NMES machines deliver specific electronic stimulation in 15- to 30-second intervals via two sticky pads attached to the skin along the length of a muscle. Regular use has shown promise in increasing muscle strength, retaining range of motion, increasing blood flow and reducing edema (swelling) (Levine 2013). In the case study, the trainer used an NMES device during the client’s active break periods.

A mirror box helped stimulate neuromuscular pathways in the affected arm. Here’s how this works: The unaffected hand is placed in front of a mirror on a small box, and the affected hand goes inside the box. The reflection of the unaffected hand movements creates an optical illusion that the affected hand is performing the motion. This visual connection enhances neuroplastic rewiring by stimulating the sensory connection between the affected limb and the brain (Levine 2013).

This client’s training, like that of most stroke survivors, remains ongoing. Less affected stroke survivors can often tolerate higher degrees of load with weight machines or free weights. Treadmills, unstable surfaces and agility work can be added as a client’s balance improves.

Trainers applying basic exercise and athletic development principles can help stroke survivors in many ways. The key is to absorb as much knowledge as possible. Resources that proved valuable in the case study included the books Stronger After Stroke by Peter Levine, The Brain That Changes Itself by Norman Doidge and My Stroke of Insight by Jill Bolte Taylor.

These books, along with other items on the reference list—plus trainers’ own knowledge and experience—will be helpful in developing a new area of practice.

NEUROPLASTICITY AND STROKE RECOVERY

A typical stroke kills or damages around 2 billion of the brain’s 100 billion neurons, which leaves about 98% of the brain fully functioning (Levine 2013). Though the initial damage to those 2 billion brain cells can be catastrophic and life altering, recent research into the science of neuroplasticity is providing hope to stroke survivors and their families (Doidge 2007 & 2016).

Neuroplasticity describes the brain’s ability to essentially heal itself through thoughts, activities and neural-pathway rerouting. Successful stroke survivors’ brains redirect signaling from damaged areas to other areas that normally have nothing to do with the recovered function (Doidge 2007 & 2016).

Let’s say a stroke in the brain’s left hemisphere shuts down motion in the right leg. At first glance this looks like permanent paralysis, but it doesn’t have to be: Thanks to neuroplasticity, training can improve the leg’s strength and mobility because another portion of the brain has taken over the job.

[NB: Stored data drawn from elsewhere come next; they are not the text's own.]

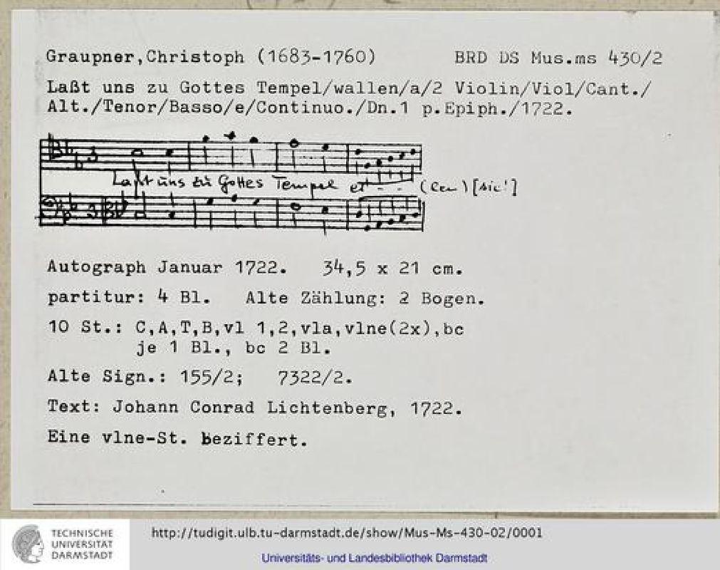 Lasst uns zu Gottes Tempel eilen, GWV 1112/22 (Graupner, Christoph)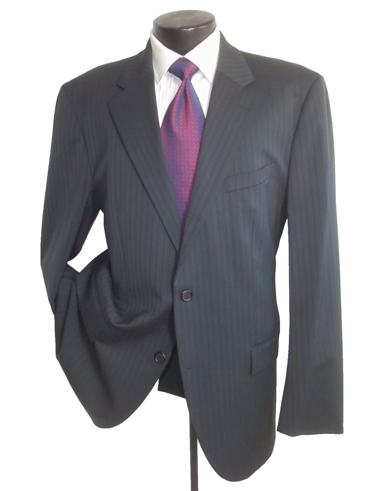 Hugo Boss, pale black, shadow striped, 2 buttons, center vent, wool suit 44 Long. Trousers are flat front, plain bottoms. We have more designer suits, jackets, blazers, silk ties, dress pants, shirts and more.
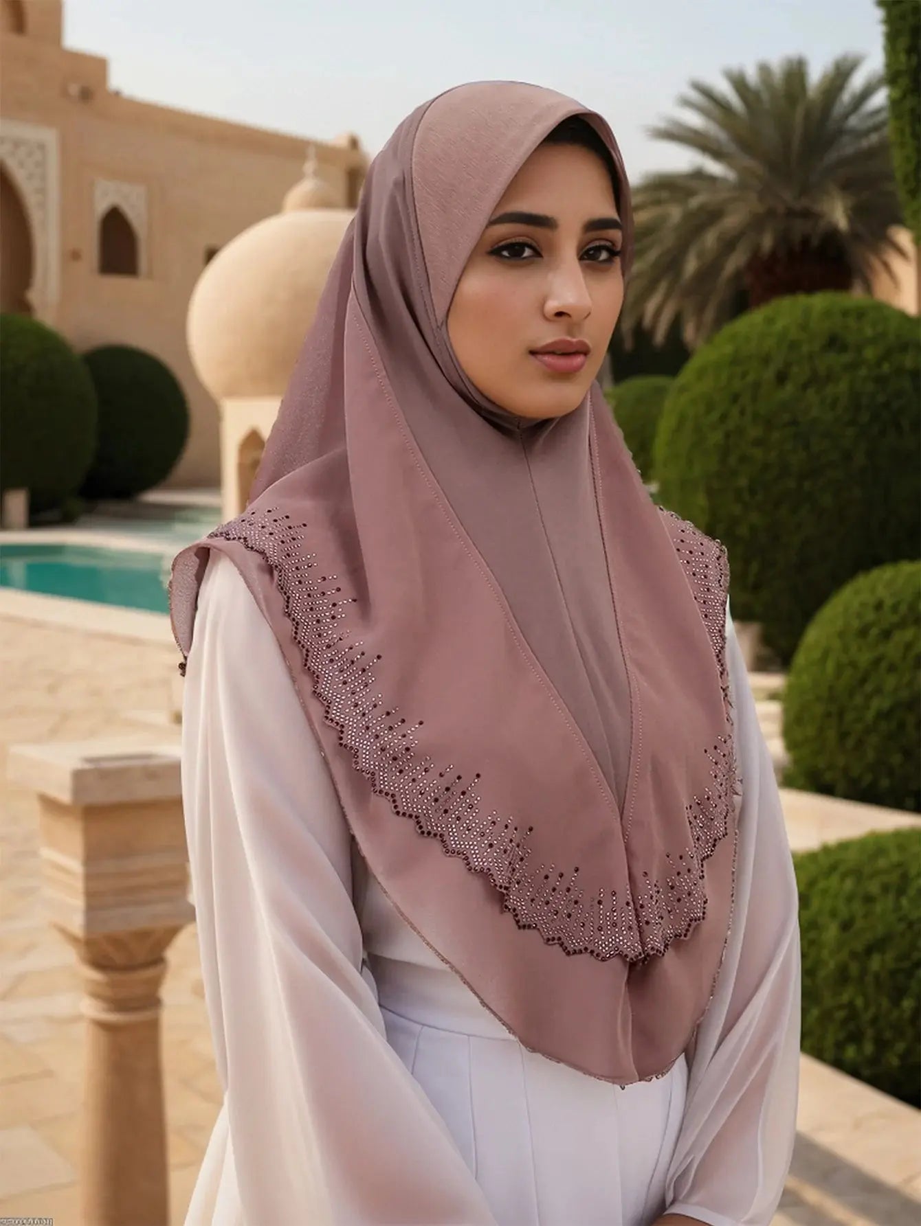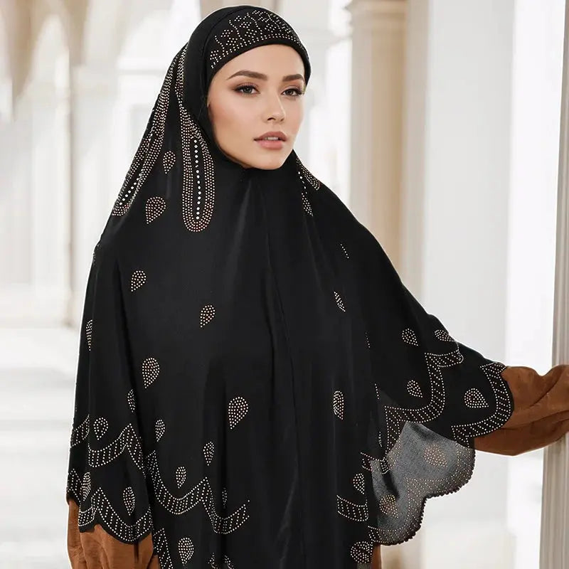 Wearing the Luxury Ramadan Hijab during celebrations is a great way to embrace the spirit of the season. Its eye-catching rhinestones add a touch of glamour, allowing you to shine at every gathering. You can pair it with various outfits, whether traditional or modern, creating a stunning ensemble that reflects the festive mood. Because it blends elegance with everyday wearability, this hijab is perfect not just for Ramadan but also for weddings, parties, and special events throughout the year.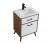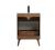 Delve into a world of minimalistic fashion and contemporary styling with this midcentury modern 24" vanity. The clean lines anchors the design, while the oblique tapered cylinder legs add subtle interest. A black handle adorns the top fake drawer hiding the base of the porcelain sink while another one allows you to pull the bottom drawer out, letting you store your bathroom necessities and toiletries. The compact size makes it the perfect vanity for any bathroom or powder room, regardless of size.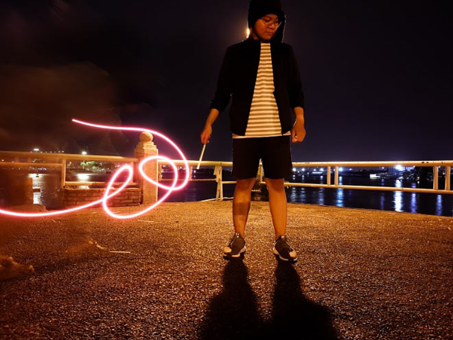 Không hề kém cạnh trong cuộc chơi đầy sáng tạo này, giới trẻ Việt tận dụng camera khẩu độ f/2.4 để tạo ra những bức ảnh phơi sáng rõ nét, sống động như đồ họa như “người bạn ánh sáng” trong hình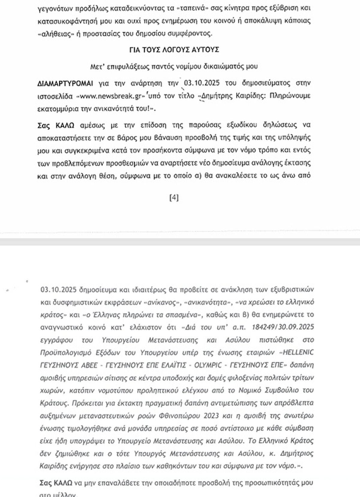 Στο εξώδικο, ο κ. Καϊρίδης χαρακτηρίζει το δημοσίευμα «εξυβριστικό και δυσφημιστικό» και υποστηρίζει ότι περιέχει ψευδείς ισχυρισμούς που προσβάλλουν την τιμή και την υπόληψή του. Στο πλαίσιο της δημοσιογραφικής δεοντολογίας και της διαφάνειας, το Newsbreak παραθέτει αυτούσιο το πλήρες κείμενο του εξωδίκου από την παράγραφο 2 και μετά, προκειμένου οι αναγνώστες μας να ενημερωθούν πλήρως για τις θέσεις και τους ισχυρισμούς του κ. Καϊρίδη.
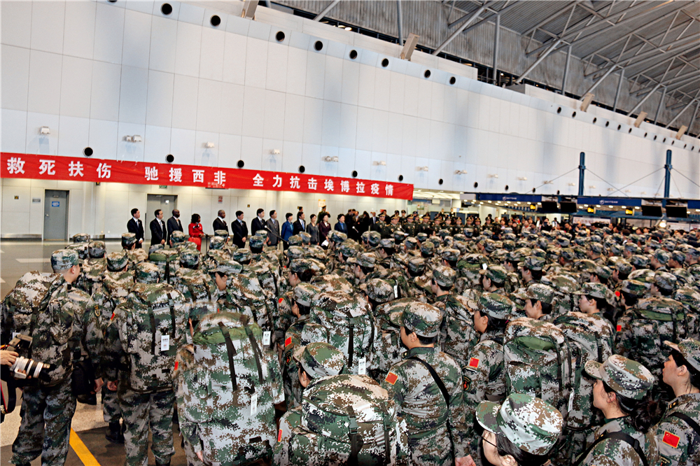 2014年,西非国家爆发埃博拉病毒疫情,波及几内亚、利比里亚、塞拉利昂等国,造成重大人员和经济损失。中国军队抽派7批共524名医护人员执行疫情防治任务,援建诊疗中心1所,收治疑似患者938例,为当地培养医护人员3000余人。图为中国军队医疗队准备出征。

Brain scans have repeatedly demonstrated this rerouting phenomenon (Doidge 2007 & 2016).

STROKE FACTS

Stroke is one of the leading causes of serious long-term disability in adults. Indeed, more than two-thirds of stroke survivors suffer some kind of disability, according to the National Stroke Association. More facts from the NSA:

  • A stroke happens when a blood vessel gets blocked by a blood clot (ischemic stroke) or bursts (hemorrhagic stroke). Both types kill or damage brain cells, potentially paralyzing extremities and interrupting critical vocal, aural and cognitive functions.
  • The severity and location of a stroke determine whether losses of speech, movement and memory are temporary or permanent.
  • Low-level strokes—such as transient ischemic attacks, or TIAs—may produce only minor problems, like weakness of an arm or a leg, with full recovery occurring within a short time (NSA 2017).

References

Doidge, N. 2007. The Brain That Changes Itself: Stories of Personal Triumph from the Frontiers of Brain Science. New York: Viking.

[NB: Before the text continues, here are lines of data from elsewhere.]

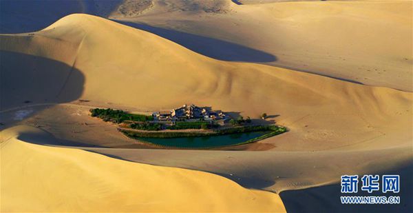 2016年9月9日拍摄的位于鸣沙山北麓的月牙泉。作为丝绸之路上的一颗璀璨明珠,敦煌历史悠久,是古代中国通往西域、中亚和欧洲的“咽喉之地”,拥有莫高窟和玉门关遗址等世界文化遗产。新华社记者陈斌 摄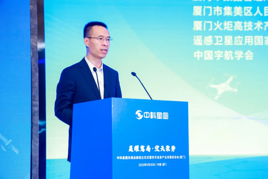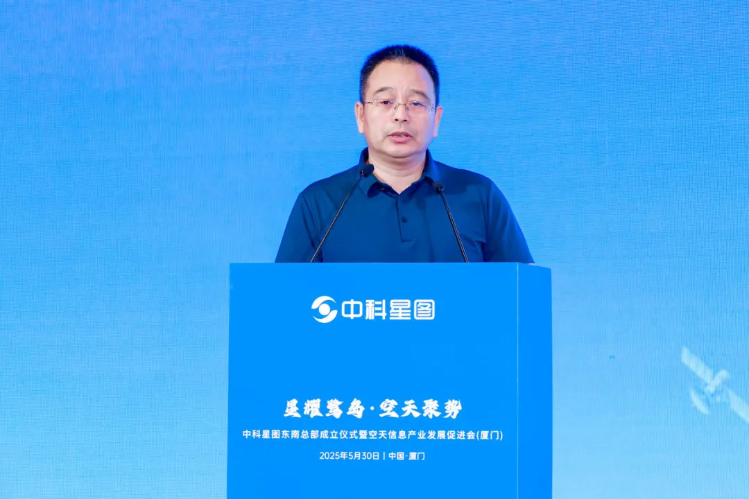 中科星图股份有限公司董事长许光銮在致辞中表示,中科星图深耕空天信息领域多年,秉持开放合作的理念、坚持走创新驱动发展之路,遵循“向天补强、向空发展、空天一体、以云为本”的理念规划,打造天基能力和空基能力,向商业航天全产业链拓展,布局低空经济全产业链,让空天信息能力赋能千行百业。此次中科星图东南总部落地厦门,中科星图将充分发挥自身优势,在“技术攻坚、生态共建、场景赋能”等方面与厦门深化合作,助推厦门空天产业发展迈向新发展高度。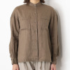European Flax(R)という国際基準を満たした、西ヨーロッパ産の高品質のフレンチリネンを100%使用。細番手(60番)糸を使用することで、きめ細やかな表面感と美しい光沢を実現しました。ミニマルなバンドカラーが首元をすっきりと演出。ボリュームスリーブが女性らしい印象を与えます。裾には同生地のひもを通したドローストリング仕様で、絞ることでシルエットのアレンジも。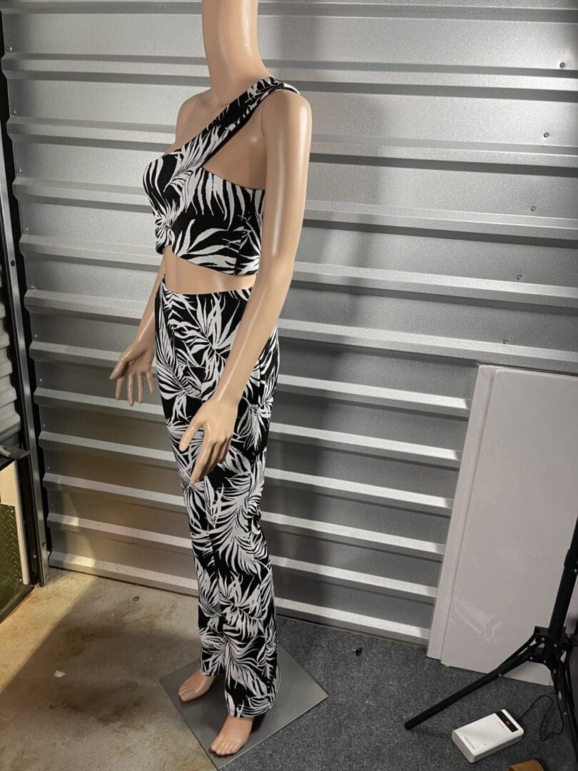 Zara, black and white flare pant with one shoulder cropped top size M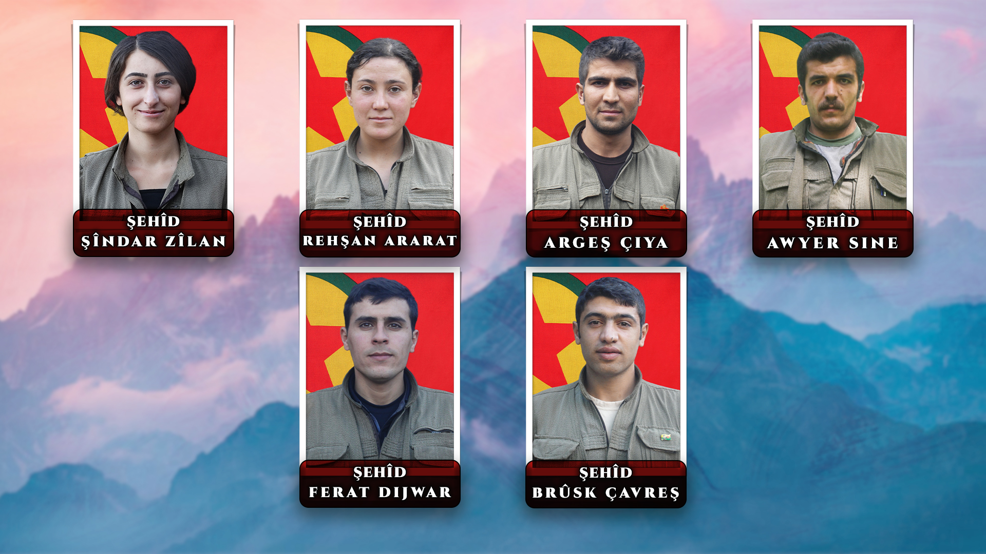 Hevrêyên me Rehşan, Şîndar, Ferat, Argeş, Awyer û Brûsk ku li hemberî jiyana koletiyê ya li gelê me dihate ferzkirin serî hildan, tevlî nava têkoşîna me ya azadiyê bûn û di her kêliyê de bi rengekî fedaî jiyan û têkoşiyan, weke ewladên herî hêja û rûyê pak ê gelê me cihê xwe di dîrokê de girtin. Zanîbûn ku azadî bê berdêl nabe, lewma ji bo têkoşîna xwe bi ser bixînin bi şev û roj, bêrawestan û bêyî li hêviya tiştekî bimînin têkoşiyan. Van hevrêyên me yên hêja bi jiyana xwe ya dilnizm, bi kesayetiya xwe ya ji dil û bi sekna xwe ya asî ya ku li ber dijmin serî neditewandin, li Kurdistanê bûn afirînerên jiyana azad û nû ku bi pêşengiya jin û ciwanan hate afirandin. Di serî de jin û ciwan em bang li her beşên gelê xwe dikin ku van şehîdên me yên leheng li her cihê ku lê ne bi bîr bînin û jiyana nû ya ku wan afirandine fêhm bikin.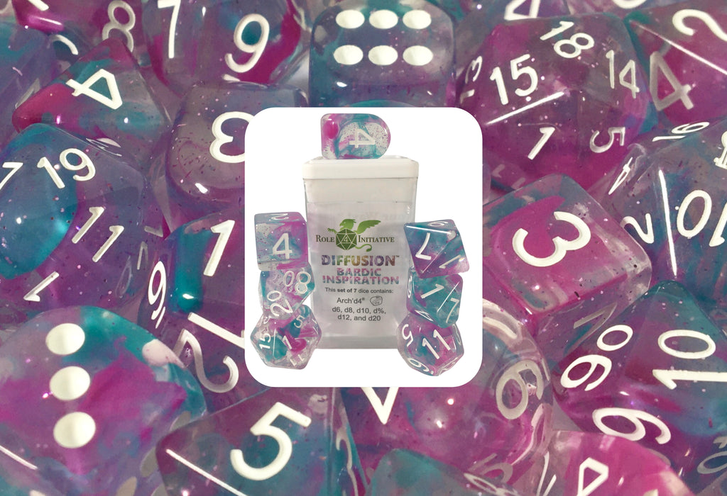 This set of 7 dice is part of R4I's Classes & Creatures collection which has a thematic color design representing an iconic RPG character class and includes Arch'd4, d6, d8, d10, d%, d12, and Balance'd20. Please note that these sets contain all numbers and differ from our Special Reserve editions that contain symbols. Role 4 Initiative high-quality dice average about 25% larger than traditional dice and come in a plastic display box. The Arch'd4 is a uniquely shaped die that features large top-face numbers and is easier to read, pick up, and roll. The Balance'd20 has a unique arrangement of numbers so that any 5 adjacent sides add to either 52 or 53 to ensure the most even distribution of outcomes.

Doidge, N. 2016. The Brain’s Way of Healing: Remarkable Discoveries and Recoveries from the Frontiers of Neuroplasticity. New York: Penguin.

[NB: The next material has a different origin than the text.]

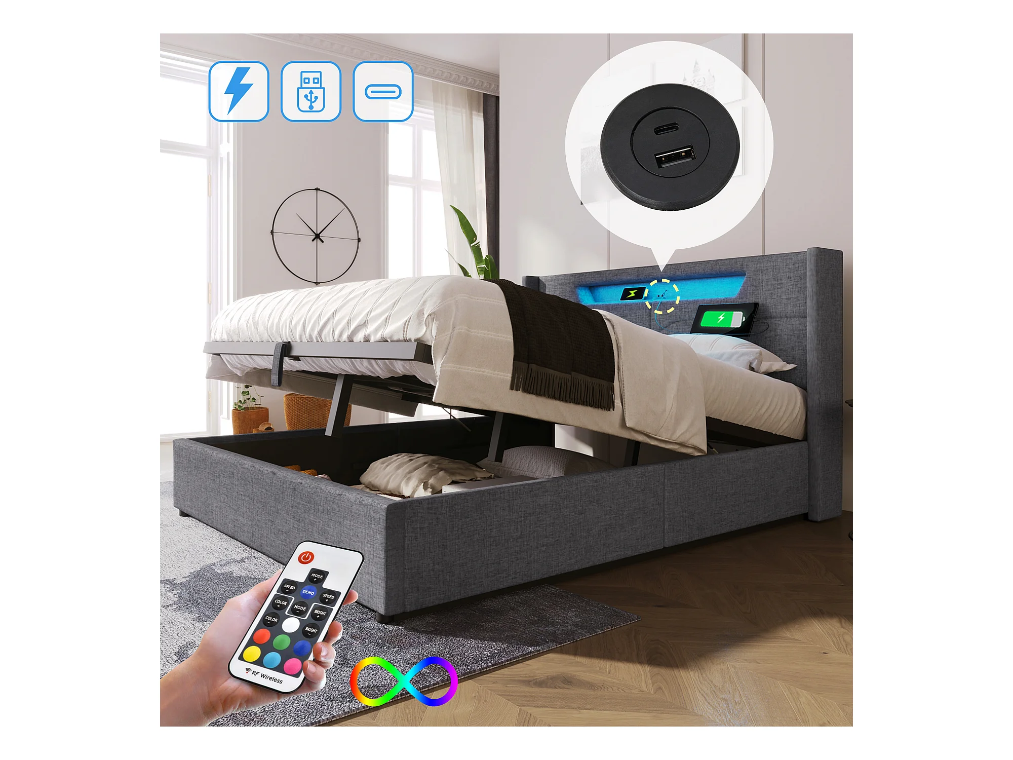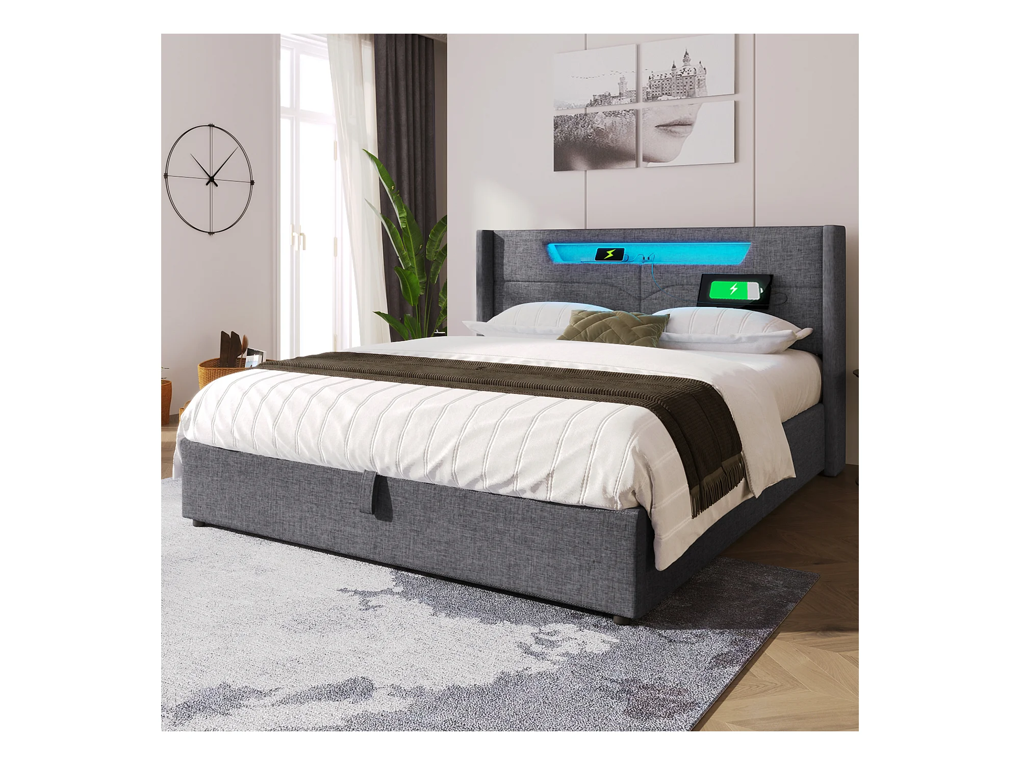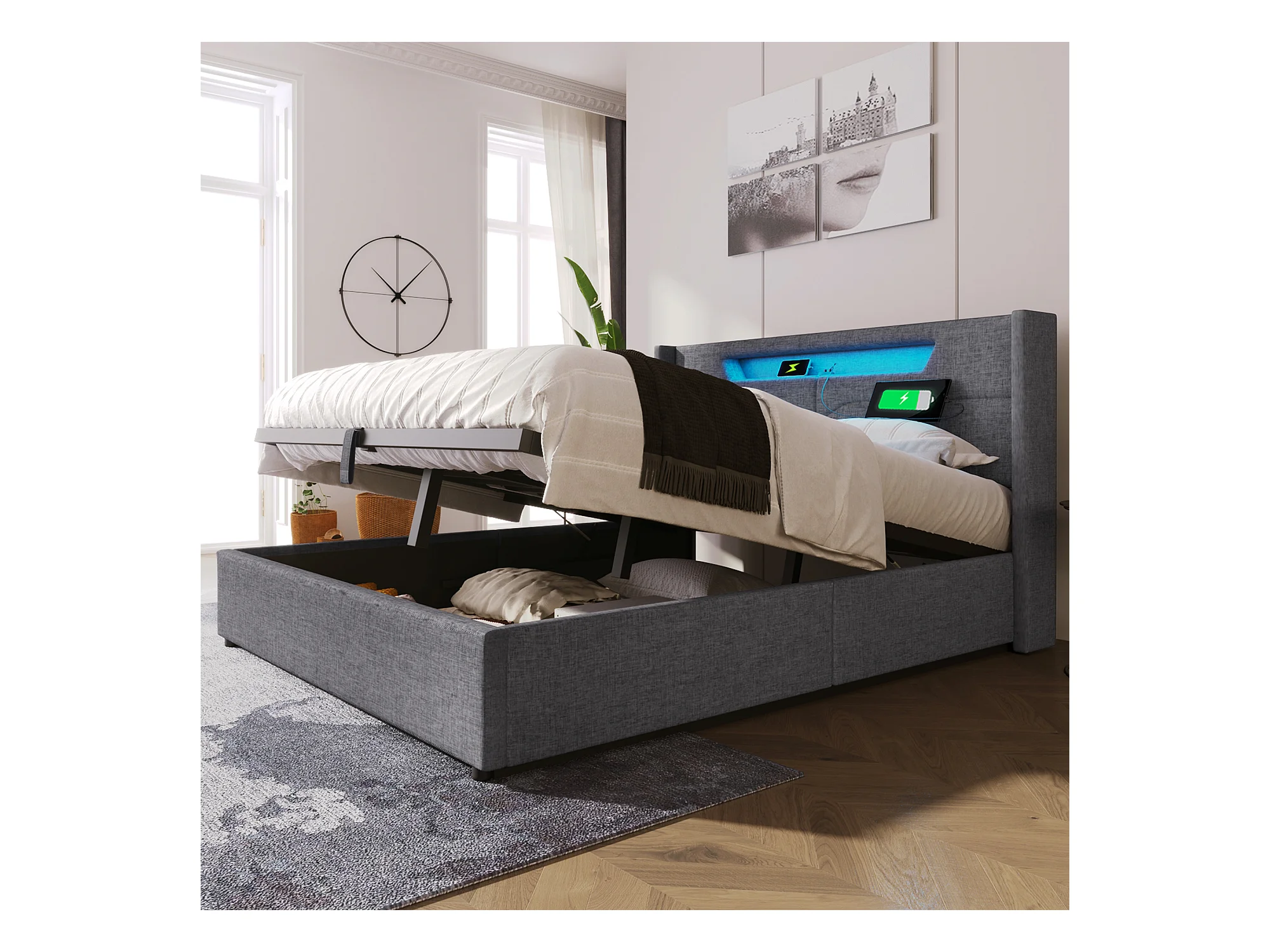 Lit coffre double 160x200 cm en lin gris - avec USB, LED et tête de lit réversible(sans matelas)

EBRSR (Evidence-Based Review of Stroke Rehabilitation). 2017. Accessed Feb. 24, 2017. www.ebrsr.com.

Gillen, G. 2011. Stroke Rehabilitation: A Function-Based Approach. St. Louis: Elsevier Mosby.

Levine, P.G. 2013. Stronger After Stroke: Your Roadmap to Recovery. New York: Demos Health.

NSA (National Stroke Association). 2017. What is stroke? Accessed Feb. 28, 2017. www.stroke.org/understand-stroke/what-stroke.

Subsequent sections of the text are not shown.